Nova Scotia

Canada election decision unclear for Halifax woman who rotates lawn signs

A Halifax woman has a creative solution for a conundrum facing thousands of voters across the country — she hasn't decided who to support in the federal election, so she's switching the signs on her lawn every two days until she makes a choice.

Jane Davis rotating signs between local Liberal and NDP candidates

Jane Davis is rotating her lawn signs every two days between the local Liberal and NDP candidates because she hasn't decided who to support in the upcoming federal election. (Mary Lynk/CBC)

A Halifax woman has a creative solution for a conundrum facing thousands of voters across the country — she hasn't decided who to support in the federal election, so she's switching the signs on her lawn every couple of days until she makes a choice.

Jane Davis is rotating her lawn signs between the local Liberal and NDP candidates.

"I'm going to put it right here, so everyone can see it and they're going to say, 'OK, Jane's voting NDP,'" she said.

"But then, two days from now, they're going to see a Liberal sign here and they're going to say, 'What's going on? I thought Jane was voting NDP?'"

Davis says like many in the country, she's torn between parties for the federal election on Oct. 19.

It's still anybody's race. According to a recent Nanos survey, the NDP are at 32.7 per cent, the Liberals at 30.8 per cent and the Conservatives at 26.2 per cent. A month ago, Nanos had the Conservatives five points higher and leading the pack.

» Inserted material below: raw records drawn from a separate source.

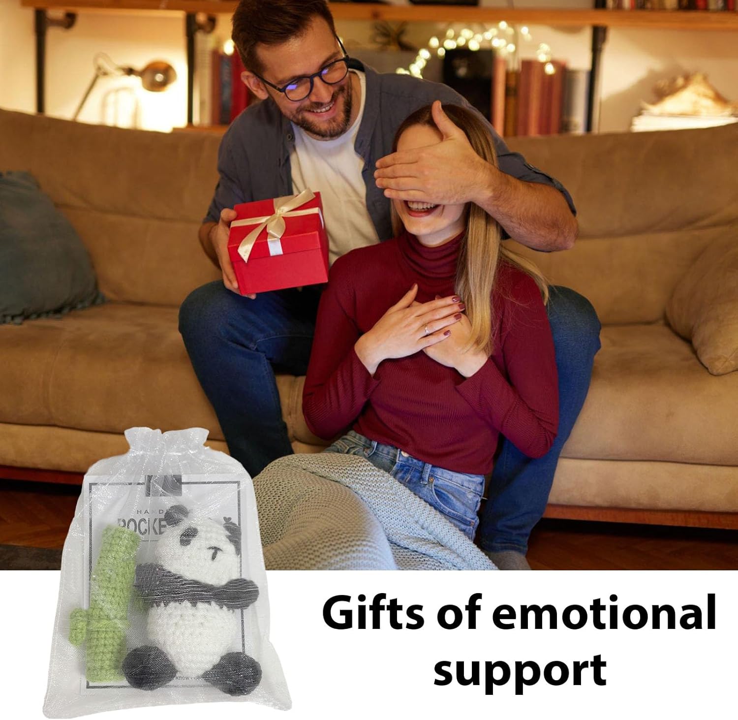Sollievo emotivo: questo panda all'uncinetto è morbido e avvolgente progettato per darti conforto e supporto emotivo. Che tu voglia alleviare stress, tristezza o tensione, questo panda ti accompagnerà spesso. Scrivi i tuoi pensieri: sorprendi i tuoi cari con questo adorabile panda all'uncinetto e un biglietto di auguri in cartone spesso di alta qualità. Scrivi il tuo messaggio migliore e lascia spazio sul retro per la tua firma. Fascino decorativo: il suo design accogliente e incantevole aggiunge un tocco affascinante a qualsiasi stanza e crea un'atmosfera calda e rilassante. Usalo per decorare il tuo soggiorno, camera da letto o qualsiasi altra stanza. Realizzato alla perfezione: scopri la bellezza ineguagliabile del panda all'uncinetto con il suo ricamo squisito, la sua espressione vivace e carina e i dettagli raffinati. Regalo a sorpresa: la qualità fatta a mano e la consistenza morbida lo rendono un regalo ideale per compleanno o festa che porterà sorpresa e felicità nella tua vita. Fai sorridere sui loro volti e calore nei loro cuori.
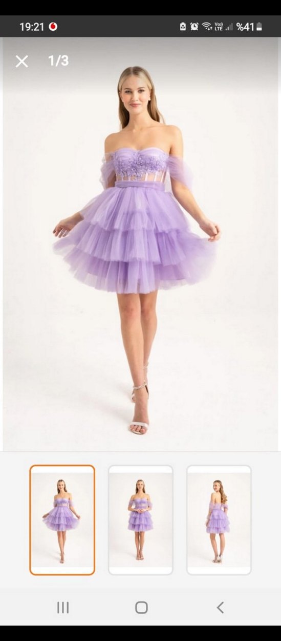 Mor renkli straplez, askılı kısa abiye elbise, fitted kesim ve kat kat fırfır detaylarına sahiptir.bir kere giyildi neredeyse yeni.40 beden L
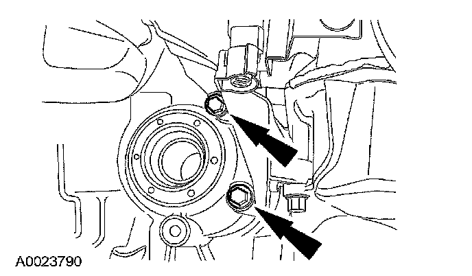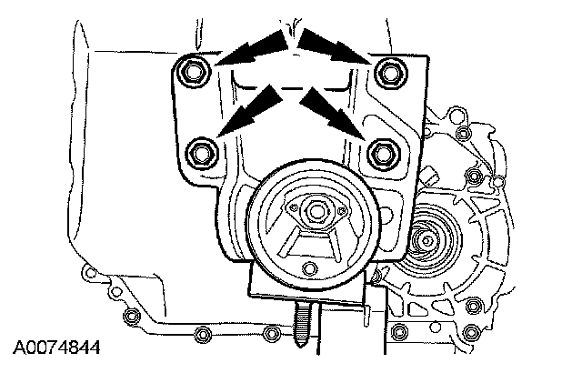 64. Remove the transaxle retaining bolts.

One caveat on the Nanos poll is that it was taken in the evenings of Sept. 4, 5 and 6, a long weekend when many Canadians may have been on holiday.

The poll was commissioned by CTV News and the Globe and Mail newspaper and used live agents to phone 1,200 respondents. It has a margin of error of 2.8 percentage points, 19 times out of 20.

'This is my little joke'

​"It's a real battle in my mind," said Davis, who added she believes New Democratic Party Leader Tom Mulcair is a "very tough, smart guy" with his "heart in the right place."

"I started to lean NDP and then, after the debate, I was very pleased with how [Liberal Party Leader Justin] Trudeau stood up to them. Still, there wasn't a lot of choice … until Trudeau came up with his deficit spending stimulus program."

Davis is not optimistic about the Conservative Party's chances. 

"The Conservatives, for me, are not even a possibility, not even a one out of 1,000 per cent. I wouldn't vote Conservative," she said.

There are four candidates in Davis's Halifax riding. New Democrat Megan Leslie is the incumbent and the Liberals have nominated urban planner Andy Fillmore.

The Conservatives have tapped Irvine Carvery, a former chair of the Halifax Regional School Board who ran for the provincial Progressive Conservatives in Halifax Armdale in 2013. The Greens nominated Thomas Trappenberg, a computer science professor at Dalhousie University.

Davis is leaning toward one candidate, but won't reveal which one. The first sign she put up this week was Leslie's.

​"This is my little joke because everybody's going back and forth, back and forth and I just think everyone would get a chuckle over this," she said.